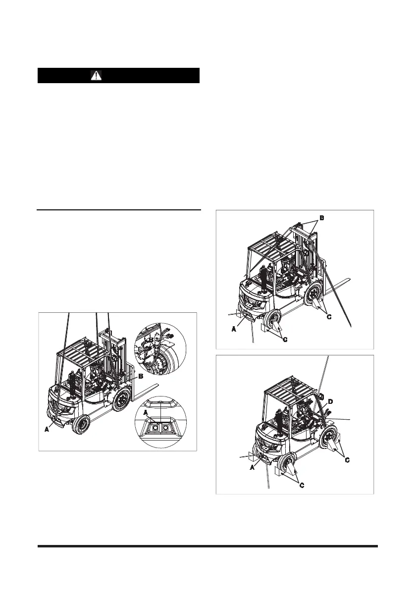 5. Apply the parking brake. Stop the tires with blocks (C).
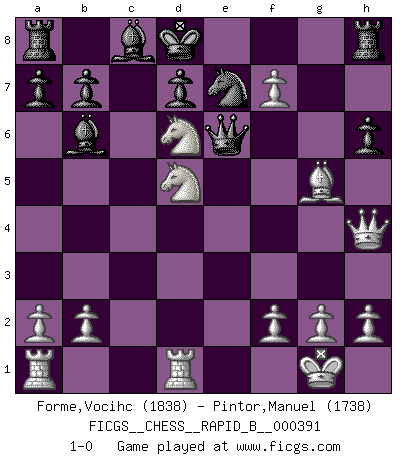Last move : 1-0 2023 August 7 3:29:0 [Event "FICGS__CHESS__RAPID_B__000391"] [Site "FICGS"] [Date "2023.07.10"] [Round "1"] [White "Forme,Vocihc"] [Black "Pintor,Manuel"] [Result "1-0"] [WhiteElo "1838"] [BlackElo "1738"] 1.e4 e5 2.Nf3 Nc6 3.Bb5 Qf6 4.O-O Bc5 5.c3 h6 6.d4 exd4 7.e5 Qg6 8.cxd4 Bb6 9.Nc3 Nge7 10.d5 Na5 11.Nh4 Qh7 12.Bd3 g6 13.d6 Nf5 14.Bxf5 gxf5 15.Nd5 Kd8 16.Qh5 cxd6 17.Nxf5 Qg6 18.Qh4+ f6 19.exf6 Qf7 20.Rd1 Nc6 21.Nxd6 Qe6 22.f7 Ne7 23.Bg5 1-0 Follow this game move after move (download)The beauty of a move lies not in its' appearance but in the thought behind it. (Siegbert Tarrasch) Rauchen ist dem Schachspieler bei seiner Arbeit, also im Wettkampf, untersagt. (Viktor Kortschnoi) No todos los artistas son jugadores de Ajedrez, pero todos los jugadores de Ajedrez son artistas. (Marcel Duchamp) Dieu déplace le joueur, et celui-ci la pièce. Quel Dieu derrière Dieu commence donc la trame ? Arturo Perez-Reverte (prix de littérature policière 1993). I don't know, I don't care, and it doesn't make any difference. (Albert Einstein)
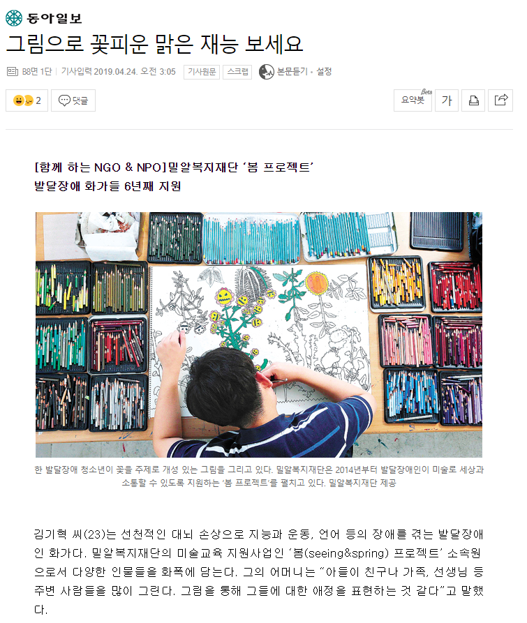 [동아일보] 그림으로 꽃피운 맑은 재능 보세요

_ABOUT THIS EXERCISE_.
I would like the data copied exactly as it stands, with no pictures included.

_REPLY TO THE EXERCISE_.
 5. Apply the parking brake. Stop the tires with blocks (C).
Last move : 1-0 2023 August 7 3:29:0 [Event "FICGS__CHESS__RAPID_B__000391"] [Site "FICGS"] [Date "2023.07.10"] [Round "1"] [White "Forme,Vocihc"] [Black "Pintor,Manuel"] [Result "1-0"] [WhiteElo "1838"] [BlackElo "1738"] 1.e4 e5 2.Nf3 Nc6 3.Bb5 Qf6 4.O-O Bc5 5.c3 h6 6.d4 exd4 7.e5 Qg6 8.cxd4 Bb6 9.Nc3 Nge7 10.d5 Na5 11.Nh4 Qh7 12.Bd3 g6 13.d6 Nf5 14.Bxf5 gxf5 15.Nd5 Kd8 16.Qh5 cxd6 17.Nxf5 Qg6 18.Qh4+ f6 19.exf6 Qf7 20.Rd1 Nc6 21.Nxd6 Qe6 22.f7 Ne7 23.Bg5 1-0 Follow this game move after move (download)The beauty of a move lies not in its' appearance but in the thought behind it. (Siegbert Tarrasch) Rauchen ist dem Schachspieler bei seiner Arbeit, also im Wettkampf, untersagt. (Viktor Kortschnoi) No todos los artistas son jugadores de Ajedrez, pero todos los jugadores de Ajedrez son artistas. (Marcel Duchamp) Dieu déplace le joueur, et celui-ci la pièce. Quel Dieu derrière Dieu commence donc la trame ? Arturo Perez-Reverte (prix de littérature policière 1993). I don't know, I don't care, and it doesn't make any difference. (Albert Einstein)
 [동아일보] 그림으로 꽃피운 맑은 재능 보세요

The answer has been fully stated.